Fallout creator Tim Cain recently introduced a new blog. This time he spoke about the problem of modern games.

According to the creator, new projects suffer from an identity crisis. Old games could give modern developers "forgotten wisdom":

[Modern games] don't understand what they want to be. They are trying to be everything to everyone: the design [of games] is created by committees, they are aimed at pleasing the publisher, trying to guess the desires of the widest audience.
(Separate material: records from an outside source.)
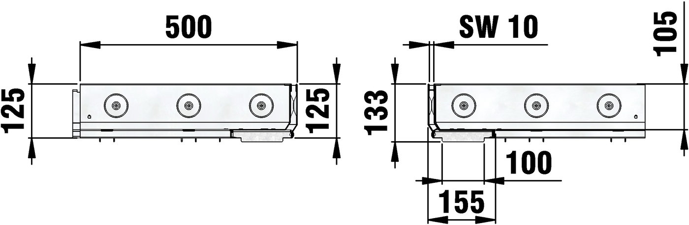 FASERFIX KS/ FASERFIX STANDARD/ RECYFIX PRO 100 - Slotted cover SW 10 mm, neck height 105 mm, asymmetric, stainless steel CNS 1.4301 , as corner element inside corner 90°, with integrated full-surface connector, load class A 15 according to EN 1433, side length 500 mm, item no. 33108
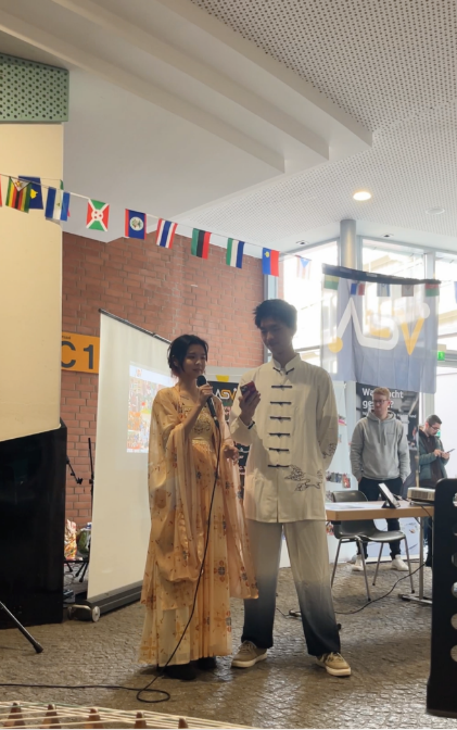 2024年4月20日,德语2021级学生张赫菱、江林颖作为志愿者,在德国帕德博恩孔子乐天堂
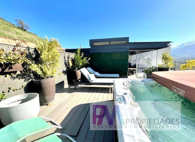 Exclusivo duplex de 180 m2 útiles + INCREIBLE DESPEJADA ( 6 mts. dormitorio principal ) y la otra de 25mts hacia el valle, + un gran Quincho en azotea (de 100m2) jacuzzi, y deck, con total privacidad, la mejor vista totalmente despejada dia y noche hacia valle de los Trapenses y Cordillera de los Andes.-
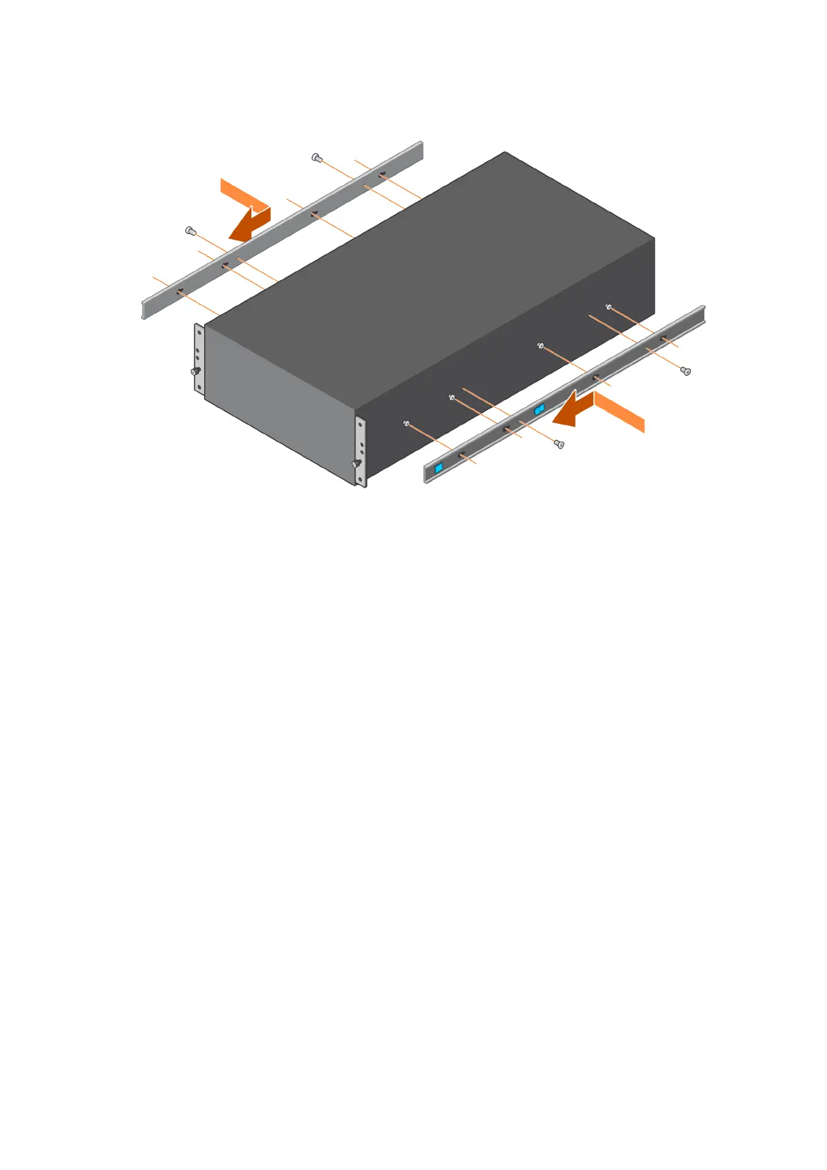 4. Secure the rails by installing two screws on each side of the enclosure.
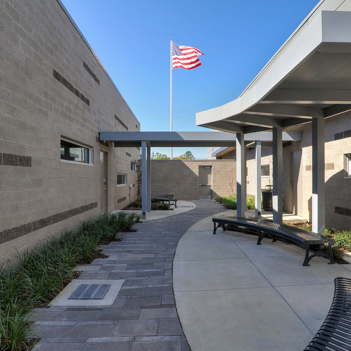 The client challenged the design team to create a welcoming structure that would anchor an identifiable brand for the Sheriff’s Office, while at the same time safeguarding daily operations and employees.

Tim Cain explained that old games were more focused because their authors simply had no other choice.

In the 80s, PCs were less productive, there were no common "hardware" standards, and the developers themselves were less specialized. For example, programmers also acted as artists and sound engineers, working without documentation.

Modern developers can learn an "efficiency lesson" from the experience of their predecessors. Previously, game creators worked within a rigid framework and had to calculate the display of pixels with millisecond accuracy or work with specific values in memory cells:

It wasn't that you wanted to write code efficiently or thought: "It would be great if we wrote it efficiently." It was about either you write efficient code, or your game just wouldn't work on the Atari console

This efficiency was also in the game design of those years. Modern games have acquired additional layers, for example, an "action" game may have a crafting system, puzzles and other mechanics. In the 80s, developers were focused on specific things:

You couldn't do everything. You had to choose: "What gameplay segment do I want to show?". And then you implemented it. The idea that you can make a basic gameplay cycle that includes a huge variety of actions simply did not exist then.
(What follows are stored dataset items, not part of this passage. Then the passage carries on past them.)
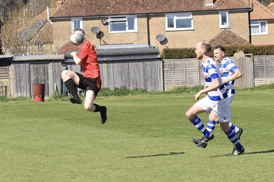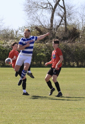 Another Punnetts penalty was blazed over the bar, and again it did not take us long to punish them, a wicked ball into the box from Charlie allowing Dan, whose neck must resemble a crash test dummy, to score a superb header.
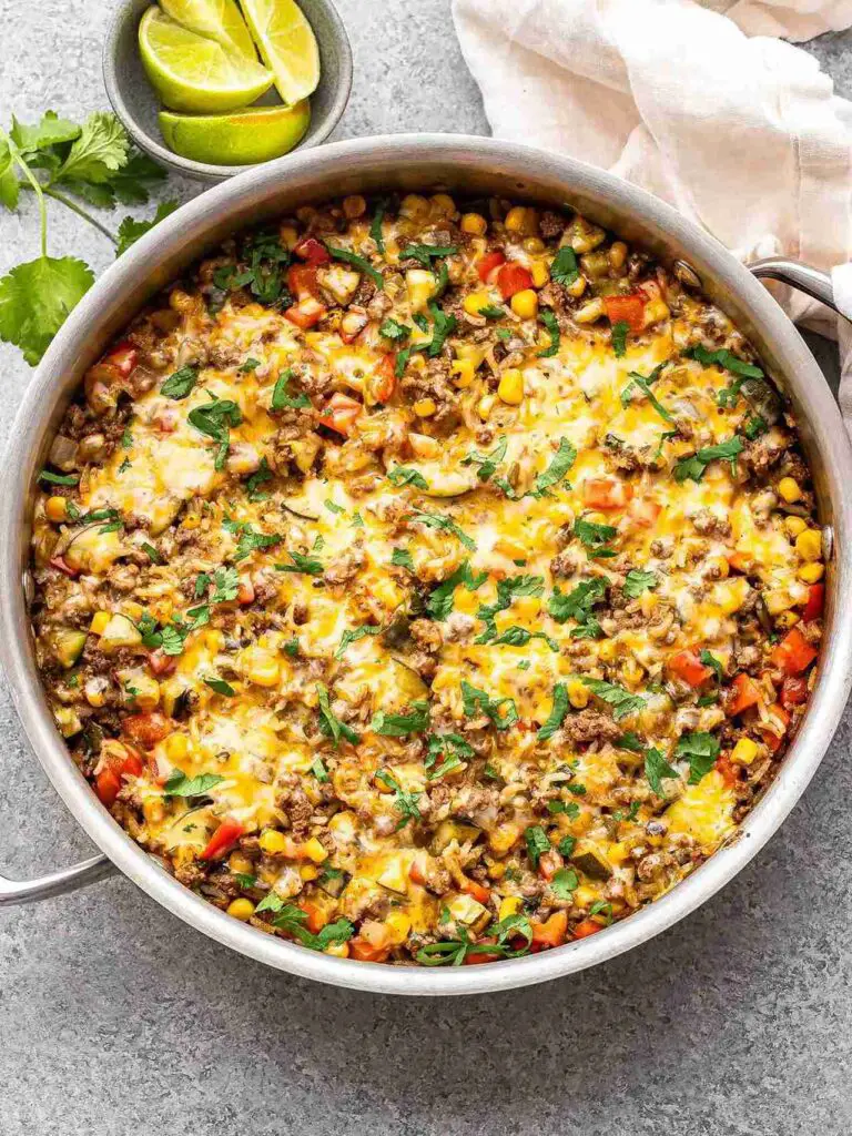 9. Cheesy Ground Beef Skillet
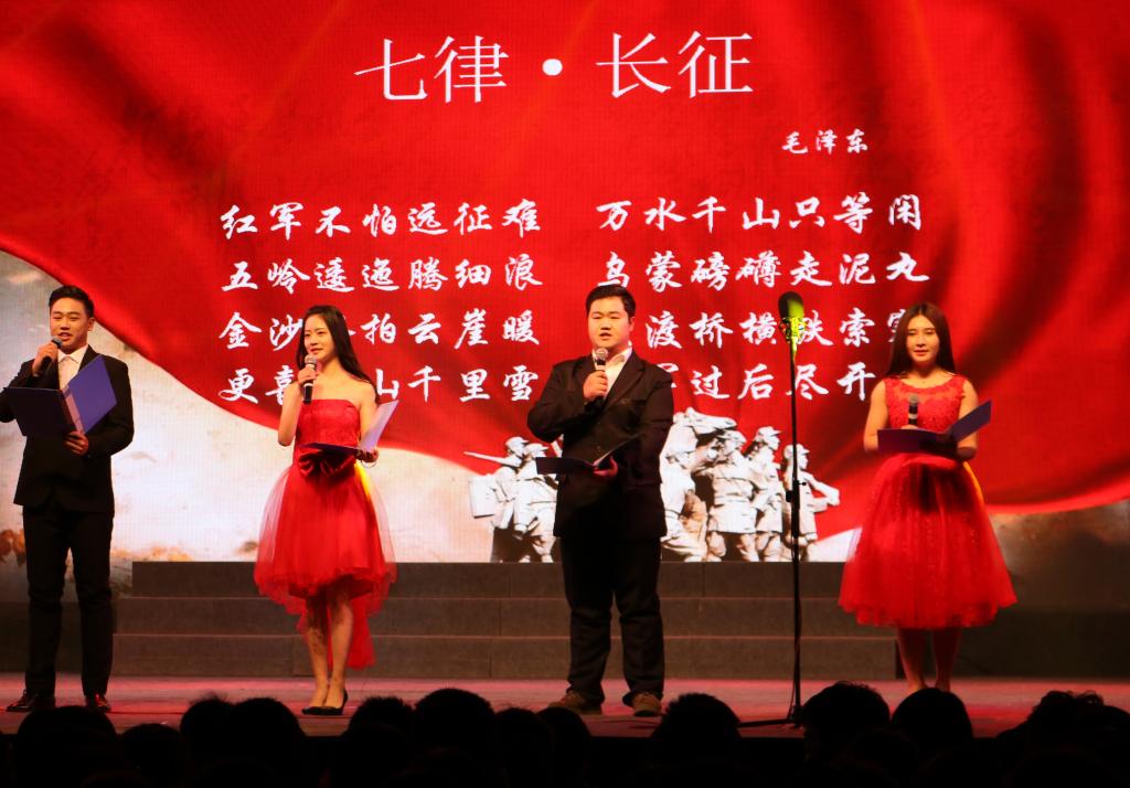诗朗诵《长征》传递了满满的正能量,由各习苑代表组成的13人彩旗队在节目尾声走向舞台中央,大喊出自己习苑的名字以及“向祖国报道”,点燃现场观众热情。由阳光合唱团带来大合唱《黄河船夫曲》,他们的歌声时而铿锵激进,时而婉转低回,展现了陕北人民在恶劣生活环境中不屈不挠的奋斗精神和乐观向上的精神风貌。“袖若流水清泓,裙如荧光飞舞”,大红色的水袖甩起,11位舞者在绝美的舞姿中变换着队形,展现出了中国古典舞《汉洛·颜子兮》的典雅。来自校艺术团舞蹈组的藏族舞《天浴》同样摄人心魄,舞者伴着变幻的华美的舞美灯光,表现“雨中醒、水中舞、心中舞”的洒脱自得的心境,诠释出藏族人民的随心随性起舞的状态。朗诵节目《相信美好的明天》,52位预备党员用自己铿锵有力的声音传递出了对信仰的坚守和对理想的追求。晚会在全体辅导员合唱《共筑中国梦》中落下了帷幕。
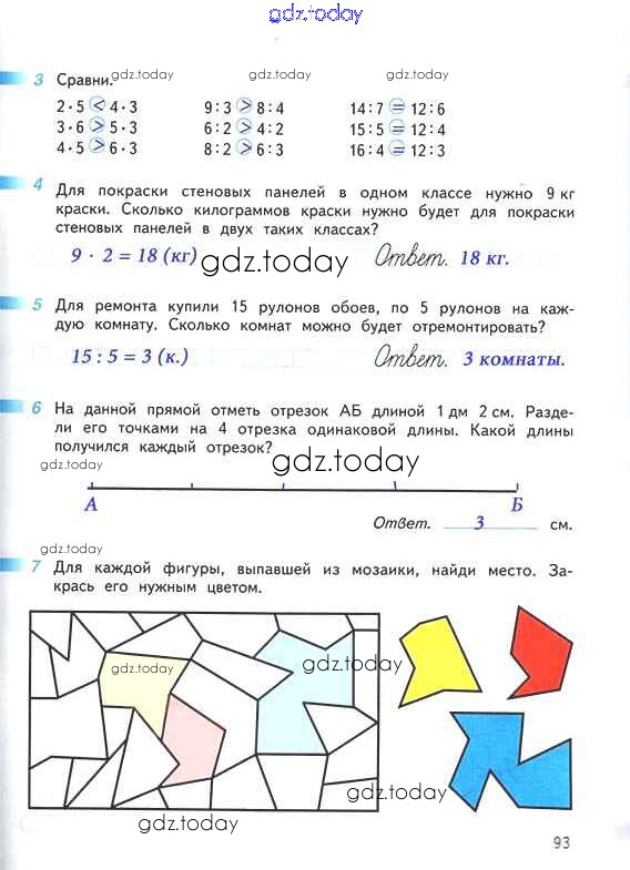 Ответы к Решение к части 1. Страницы 93 Рабочей тетради по Математике для 2 класса Дорофеев, Миракова Просвещение Перспектива 2015
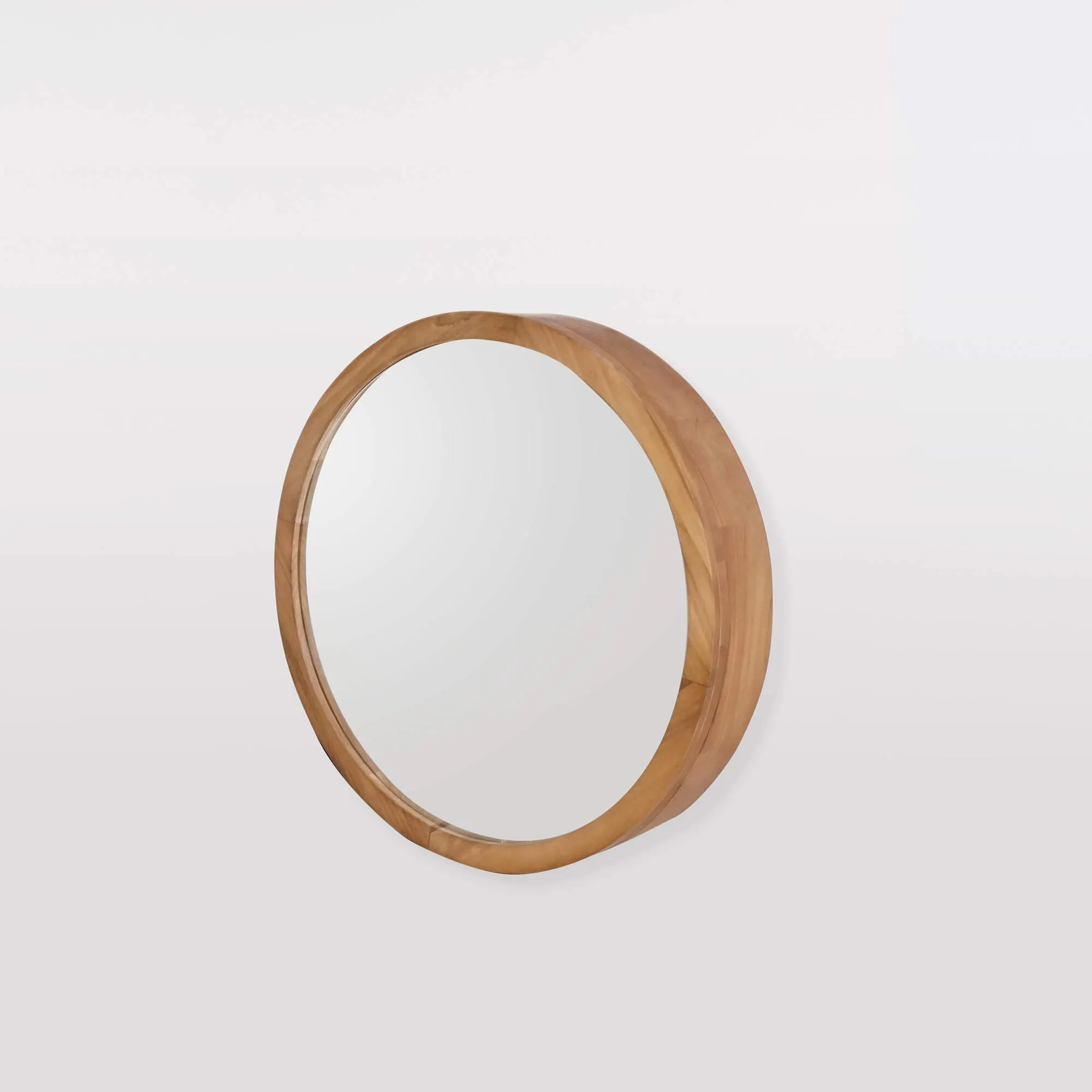 Die Wahl von massivem Teakholz war selbstverständlich für diesen runden Badezimmerspiegel mit Stauraumfach. Von Natur aus feuchtigkeitsbeständig, verleiht es dem Spiegel außergewöhnliche Langlebigkeit und bewahrt seinen Glanz über viele Jahre. Jedes Stück wird handwerklich gefertigt, und die einzigartige Maserung des Holzes macht jedes Objekt zu einem Unikat mit eigenem Charakter. Unsere Designer wollten die Essenz des Materials bewahren: kein Überfluss, keine Künstlichkeit – nur ein Gleichgewicht zwischen Funktion und Emotion.

Tim Cain compared game development to cooking. Modern projects, whose authors succumb to the desire to add something, resemble a buffet. While old games were more focused — they have fewer "ingredients", but the final "dish" turns out to be delicious:

The difficulty is that when you start making a game, it's easy to give in to the desire: "I want to add this, and I like this thing, and I just played a game that had this too — I want to insert this too."
You need to strive for simplicity. You need to stay focused, and everything you do must be done at the highest level. And then your game will be like a good restaurant: there are few ingredients in the dishes, but they always turn out delicious.